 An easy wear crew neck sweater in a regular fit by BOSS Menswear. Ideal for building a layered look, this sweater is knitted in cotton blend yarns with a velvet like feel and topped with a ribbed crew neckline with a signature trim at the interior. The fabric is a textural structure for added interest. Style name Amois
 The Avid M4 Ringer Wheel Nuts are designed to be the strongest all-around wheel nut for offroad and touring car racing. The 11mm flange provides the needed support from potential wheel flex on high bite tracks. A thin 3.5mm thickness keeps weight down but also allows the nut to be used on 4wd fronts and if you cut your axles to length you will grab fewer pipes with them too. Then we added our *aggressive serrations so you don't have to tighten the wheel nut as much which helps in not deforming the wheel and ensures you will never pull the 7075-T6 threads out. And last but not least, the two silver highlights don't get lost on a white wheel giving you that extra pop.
◇ ◇ ◇ ◇ ◇
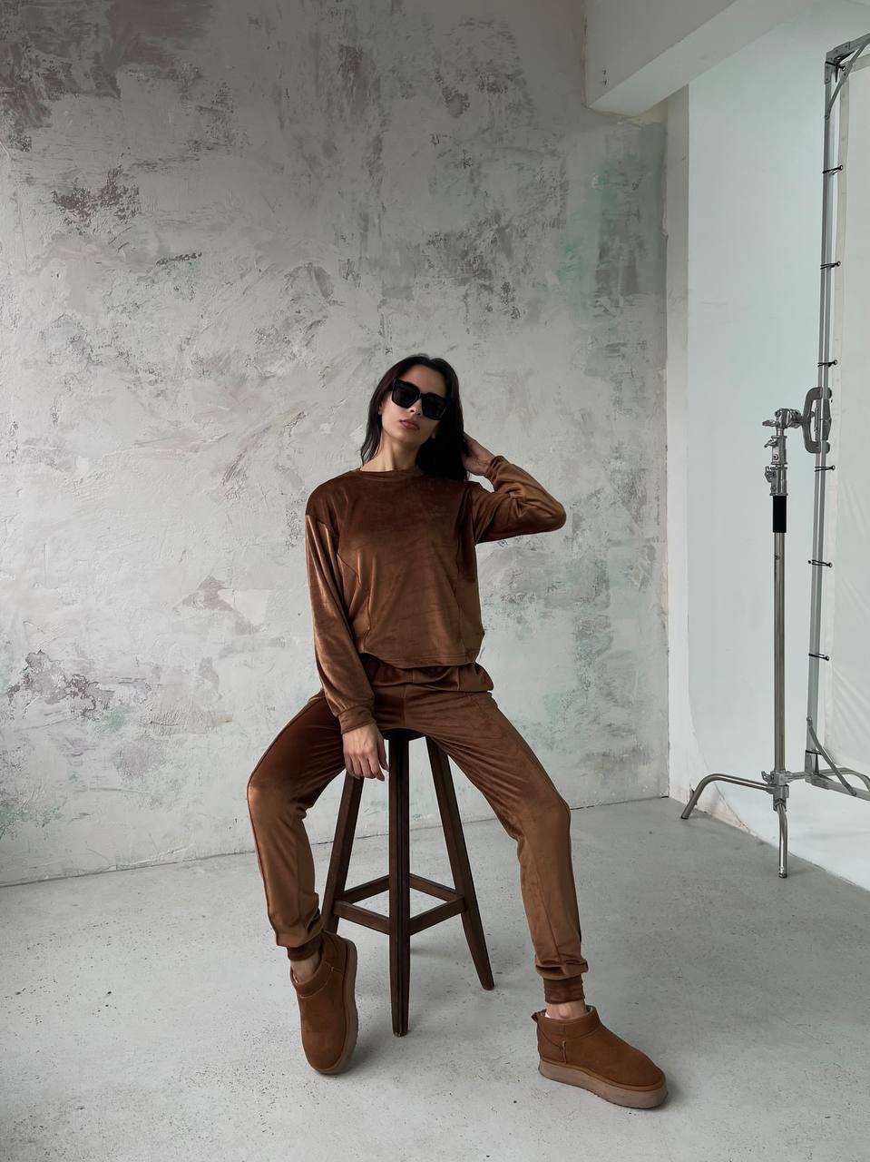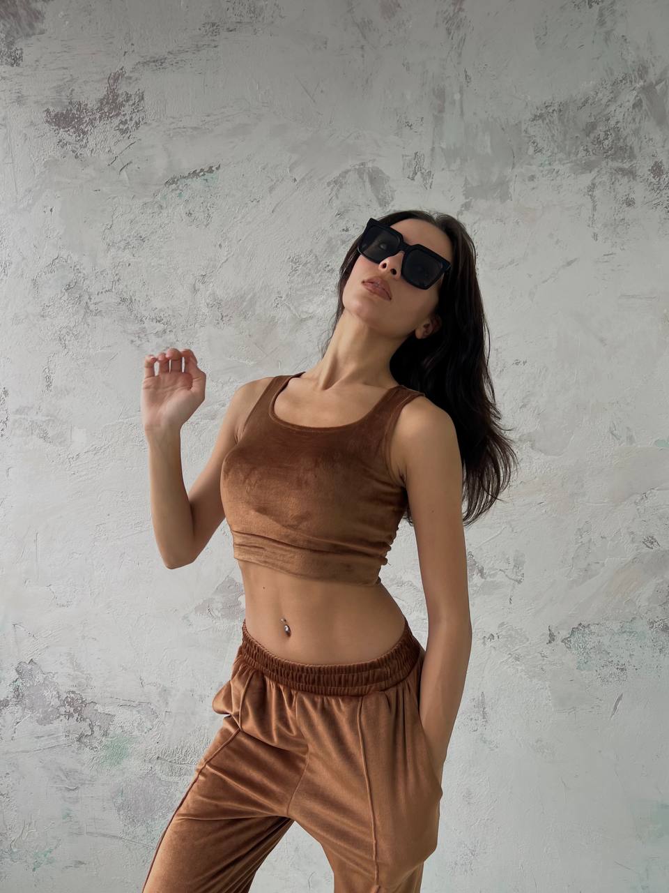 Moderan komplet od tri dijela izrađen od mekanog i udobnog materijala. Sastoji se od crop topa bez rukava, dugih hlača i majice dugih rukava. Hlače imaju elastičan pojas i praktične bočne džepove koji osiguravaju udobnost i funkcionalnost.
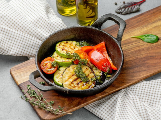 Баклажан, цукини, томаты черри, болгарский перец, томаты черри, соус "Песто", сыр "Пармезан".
◇ ◇ ◇ ◇ ◇
#### Task to carry out:
Make a list of all lines in the data that contain "with".

#### Written answer:
 An easy wear crew neck sweater in a regular fit by BOSS Menswear. Ideal for building a layered look, this sweater is knitted in cotton blend yarns with a velvet like feel and topped with a ribbed crew neckline with a signature trim at the interior. The fabric is a textural structure for added interest. Style name Amois
 The Avid M4 Ringer Wheel Nuts are designed to be the strongest all-around wheel nut for offroad and touring car racing. The 11mm flange provides the needed support from potential wheel flex on high bite tracks. A thin 3.5mm thickness keeps weight down but also allows the nut to be used on 4wd fronts and if you cut your axles to length you will grab fewer pipes with them too. Then we added our *aggressive serrations so you don't have to tighten the wheel nut as much which helps in not deforming the wheel and ensures you will never pull the 7075-T6 threads out. And last but not least, the two silver highlights don't get lost on a white wheel giving you that extra pop.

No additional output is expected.